Prepare for a lot of suggestions coming your way.

I say Mother Brain in Super Metroid, and of course you must mention Sigma, of Mega Man X, at some point as well. That is, unless you were planning on doing all JRPG bosses? In which case Lavos should probably be somewhere.

Oh, I already have a mostly solidified list of candidates to highlight, so most suggestions will probably not be taken into consideration. However, I can safely say that a good number of the bosses featured will not be from JRPGs.

@Mento said:

A monthly feature ends, another begins. Good luck with this.

If you ever get burned out and want a boss that you could only possibly write a few lines about, might I suggest Necron?

Man, I hope I don't get burned out. I intended to start a backlog of posts last month, but unfortunately, life got in the way. On the other hand, if I need any short bus boss candidates on short notice...

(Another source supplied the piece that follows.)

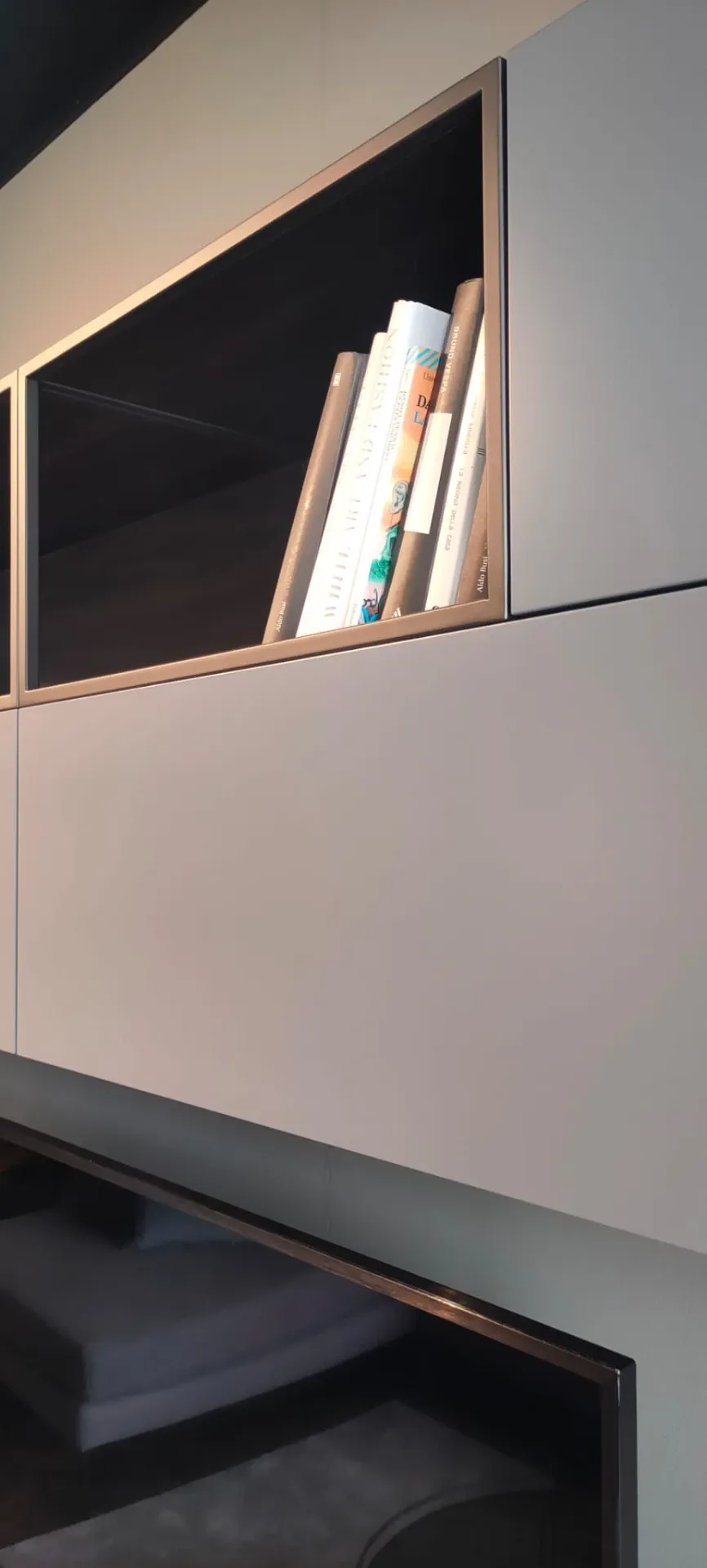 Questa parete attrezzata si distingue per linee essenziali, proporzioni equilibrate e un perfetto connubio tra funzionalità e stile contemporaneo.

#5 Posted by G_Locke (11 posts) -

Kefka is one of the best villains I've ever encountered in a game

He's one of the reasons FFVI is the best FF

#6 Posted by Hailinel (23868 posts) -

@G_Locke said:

Kefka is one of the best villains I've ever encountered in a game

He's one of the reasons FFVI is the best FF

I agree on both counts. Final Fantasy VI is my favorite game in the series, and Kefka is one of the primary reasons why.

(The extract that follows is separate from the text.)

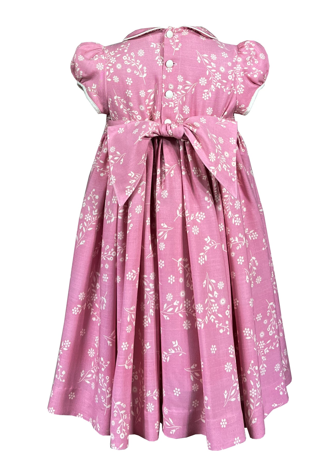 Le buste présente des smocks réalisé à la main dans des tons assortis, les motifs géométriques créant un magnifique décor sur la poitrine. Le col claudine et les manches ballons avec passepoil blanc apportent un charme classique. Les boutons décoratifs sur le devant créent un effet visuel attrayant, mais la robe se ferme dans le dos. La ceinture à nœud papillon assure un ajustement parfait à la taille.

#7 Posted by joshthebear (2700 posts) -

YES. FF VI is my favorite of them and it's not even close. Kefka is the most ridiculous and entertaining villain in the series. He has zero morals and pretty muc betrays anyone that is an ally.

And that laugh; the true mark of a madman who couldn't give a fuck about anybody but himself.

#8 Posted by PixelPrinny (1030 posts) -

Kefka is the best for all reasons listed and shall probably remain the reigning champion for a long time to come. *nods matter-of-factly*

#9 Posted by HotSauceMagik (264 posts) -

Man, you how are you going to top Kefka? As if all the dickish things weren't enough, that fucking laugh haunted my dreams for so long as a kid. And probably will tonight as well.

#10 Posted by Hailinel (23868 posts) -

@PixelPrinny said:

Kefka is the best for all reasons listed and shall probably remain the reigning champion for a long time to come. *nods matter-of-factly*

Dude is a hard guy to beat when it comes to pure villainy.

@HotSauceMagik said:

Man, you how are you going to top Kefka? As if all the dickish things weren't enough, that fucking laugh haunted my dreams for so long as a kid. And probably will tonight as well.

I'm not even going to try to top him, because frankly, that would be a fruitless endeavor. What I can do though is talk about twenty-nine other bosses that I think are worth talking about.

#11 Posted by OppressiveStink (355 posts) -
@Hailinel
Lucca Blight has him beat, but just barely.
#12 Edited by Penelope (225 posts) -

Like your article. But what are you considering for future bosses?

Hitler?

Nah, too obvious.

ROBO-HITLER.

Thank's Wolfenstein 3D.

#13 Posted by Hailinel (23868 posts) -

@Penelope: You'll just have to keep reading to find out!